Benchmarking Audio Visual Segmentation for Long-Untrimmed Videos

[Accepted by CVPR 2024]


Why Long-Untrimmed Audio-visual Segmentation Dataset?

Existing audio-visual segmentation (AVS) datasets typically focus on short-trimmed videos with only one pixel-map annotation for a per-second video clip. In contrast, for untrimmed videos, the sound duration, start- and end-sounding time positions, and visual deformation of audible objects vary significantly. Therefore, we observed that current AVS models trained on trimmed videos might struggle to segment sounding objects in long videos.
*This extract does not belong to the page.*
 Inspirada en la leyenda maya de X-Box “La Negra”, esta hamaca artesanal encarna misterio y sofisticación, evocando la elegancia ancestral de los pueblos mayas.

To investigate the feasibility of grounding audible objects in videos along both temporal and spatial dimensions, we introduce the Long-Untrimmed Audio-Visual Segmentation dataset (LU-AVS), which includes precise frame-level annotations of sounding emission times and provides exhaustive mask annotations for all frames.
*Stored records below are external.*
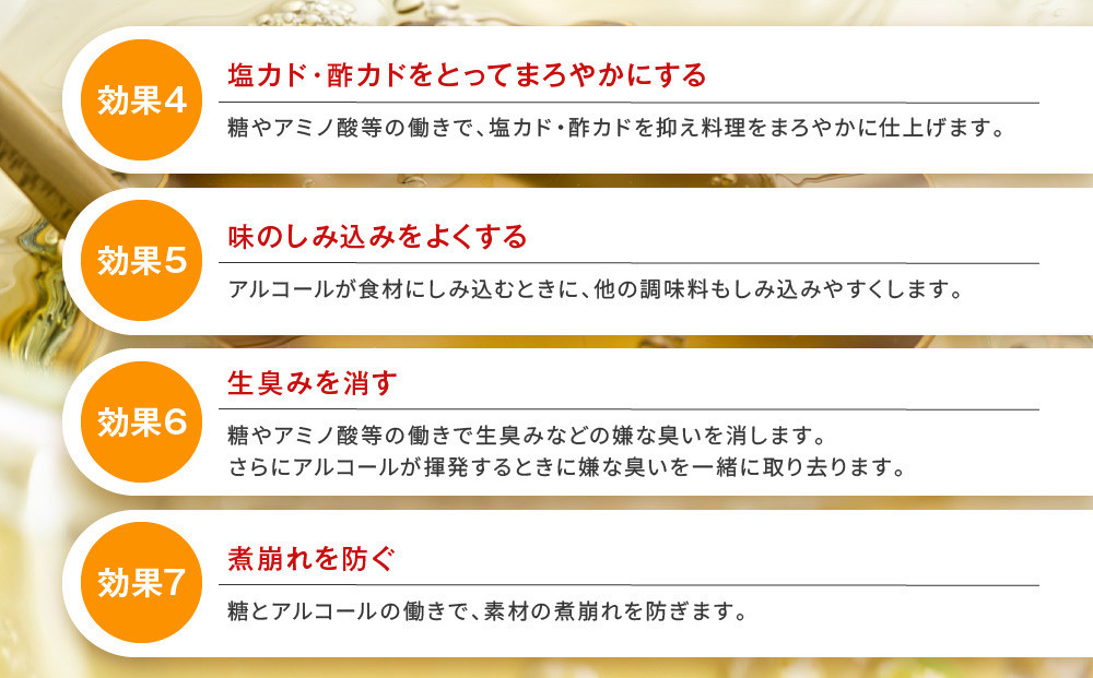 タカラ本みりんに含まれる糖やアミノ酸等の働きで、塩カド・酢カドを抑え料理をまろやかに仕上げます。
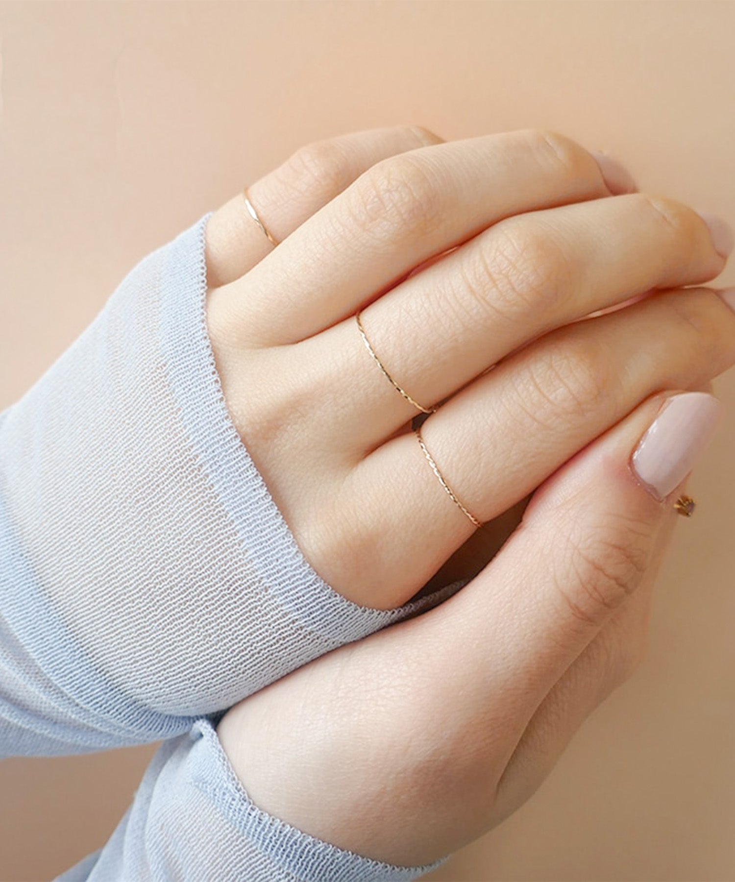 3種のコンビネーションリング。リングそれぞれのテクスチャーが素肌に溶け込むスキンジュエリー。
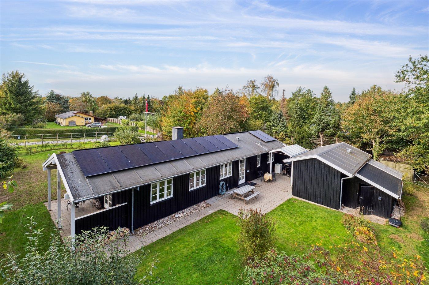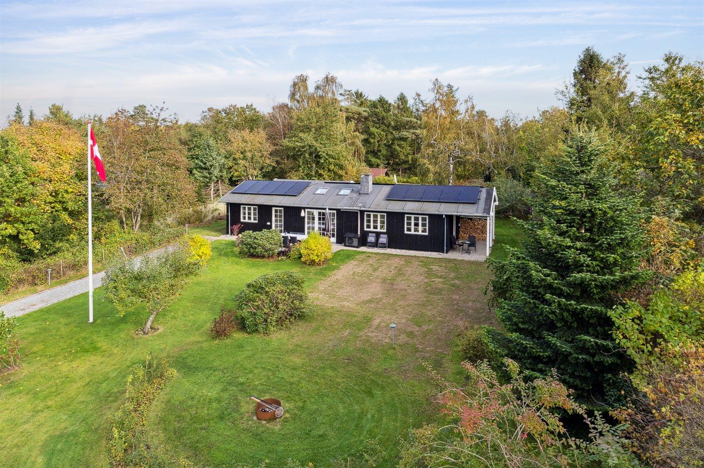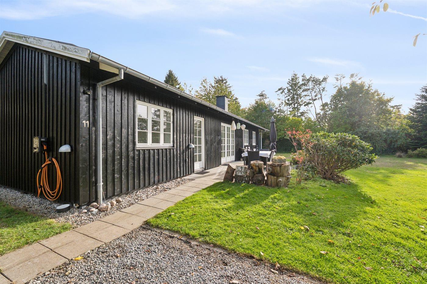 Ferieboligen er beliggende på en 1206 m² stor havegrund. Grunden er indhegnet. Der er 1300 m til havet. Nærmeste forretning er beliggende i en afstand af 1900 m. Til ferieboligen hører åbent terrasseareal. Desuden er der overdækket terrasse. Bålsted. Grill til rådighed. Der er installeret stik til opladning af elbil. Type 2 stik. Med 11 kW ladeeffekt. Parkering ved ferieboligen.

Samples of our from Long-Untrimmed Audio-Visual Segmentation dataset. Different from previous AVS datasets, LU-AVS is specifically crafted to explore the challenges inherent in the AVS task for long-untrimmed videos. It features detailed start- and end-sounding positions in the temporal dimension, along with comprehensive mask and bounding box annotations in the spatial dimension. The examples show that our dataset contains numerous audible segments in each video, characterized by diverse durations and varying start and end-sounding positions. Additionally, within a single video, the same objects may have notable shifts spatially and undergo deformation.


What is the audio-visual segmentation task?

Task Definition. Audio-visual segmentation aims to localize audible objects by a pixel-level map for a given audio-visual pair.

Challenges in Long-Untrimmed Videos. (1) The start and sounding frames of audible objects are uncertain.
(2) The sounding duration of the target objects varies significantly among different videos.

What is LU-AVS dataset?

To investigate the AVS task on long-untrimmed videos, we propose a large-scale Long-Untrimmed Audio-Visual Segmentation (LU-AVS) dataset. LU-AVS dataset comprises 6.6K untrimmed videos covering 78 categories, and 10M pixel-level annotation masks are provided to indicate the audible objects. Moreover, we extend our dataset with bounding box annotations, extending them to both previously mask-marked categories and those challenging to annotate with masks. The extended LU-AVS dataset contains about 7.2K untrimmed videos and more than 88 categories. More details about the LU-AVS dataset are shown below.

Basic informations

  • Videos are collected from YouTube.
  • 7.2K videos spanning 88 categories.
  • 6.2K annotated masks and 7.3K bounding boxes
  • Spanning a wide range of domains, including Animal, Human, Music, Sport, Tool, Vehicle, and others

Characteristics

  • Total duration of videos is 84.6 hours , sounding duration is 73.3 hours.
  • Long average duration 41.97s.
  • Long average sounding duration 16.03s.
  • Over half of the videos have multiple audible segments.
  • Target objects have notable shifts and undergo deformation.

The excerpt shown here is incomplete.